Data is here: https://www.dropbox.com/s/4cbpwdcd802av1z/11-homework-data.zip?dl=0 [ www.dropbox.com/s/4cbpwdcd802av1z/11-homework-data.zip?dl=0 ]

Read this: http://iquantny.tumblr.com/post/144197004989/the-nypd-was-systematically-ticketing-legally

And the then we can take a peek at some data on parking. After you've cleaned up the data as instructed below, feel free to browse in other directions than the ones I say. When fixing up the data, you'll probably making a lot of use of date parsing and .apply.
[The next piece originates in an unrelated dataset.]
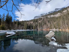 Superbe balade faite sans raquettes : un peu glissant a certains endroits a l'ombre, mais de magnifiques vues. Environ 5h avec plusieurs pauses dont une assez longue au lac vert.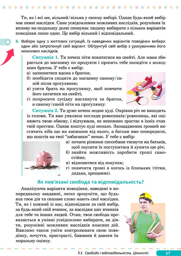 - наводить приклади ситуацій, у яких людина робить вільний вибір;

  1. I want to make sure my Plate ID is a string. Can't lose the leading zeroes!
  2. I don't think anyone's car was built in 0AD. Discard the '0's as NaN.
  3. I want the dates to be dates! Read the read_csv documentation to find out how to make pandas automatically parse dates.
  4. "Date first observed" is a pretty weird column, but it seems like it has a date hiding inside. Using a function with .apply, transform the string (e.g. "20140324") into a Python date. Make the 0's show up as NaN.
  5. "Violation time" is... not a time. Make it a time.
  6. There sure are a lot of colors of cars, too bad so many of them are the same. Make "BLK" and "BLACK", "WT" and "WHITE", and any other combinations that you notice.
  7. Join the data with the Parking Violations Code dataset from the NYC Open Data site.
  8. How much money did NYC make off of parking violations?
  9. What's the most lucrative kind of parking violation? The most frequent?
  10. New Jersey has bad drivers, but does it have bad parkers, too? How much money does NYC make off of all non-New York vehicles?
  11. Make a chart of the top few.
  12. What time of day do people usually get their tickets? You can break the day up into several blocks - for example 12am-6am, 6am-12pm, 12pm-6pm, 6pm-12am.
  13. What's the average ticket cost in NYC?
  14. Make a graph of the number of tickets per day.
  15. Make a graph of the amount of revenue collected per day.
  16. Manually construct a dataframe out of https://dmv.ny.gov/statistic/2015licinforce-web.pdf (only NYC boroughts - bronx, queens, manhattan, staten island, brooklyn), having columns for borough name, abbreviation, and number of licensed drivers.
  17. What's the parking-ticket-$-per-licensed-driver in each borough of NYC? Do this with pandas and the dataframe you just made, not with your head!

In [562]:
import pandas as pd
import numpy as np
from dateutil import parser
from time import strptime
from time import mktime
from datetime import datetime
import math
import matplotlib.pyplot
%matplotlib inline

In [342]:
def timefixer(time):
    return_time=time
    return_time.replace('+', '0')
    if time == 'nan':
        return np.nan
    if time[0:2]=='00':
        hour='12'
        rest=time[2:]
        return_time=hour+rest
    #strptime(row, '%I%M%p')
    try:
        return strptime(return_time, '%I%M%p')
    except:
        return np.nan

In [346]:
violations_df=pd.read_csv('violations.csv', nrows=100000)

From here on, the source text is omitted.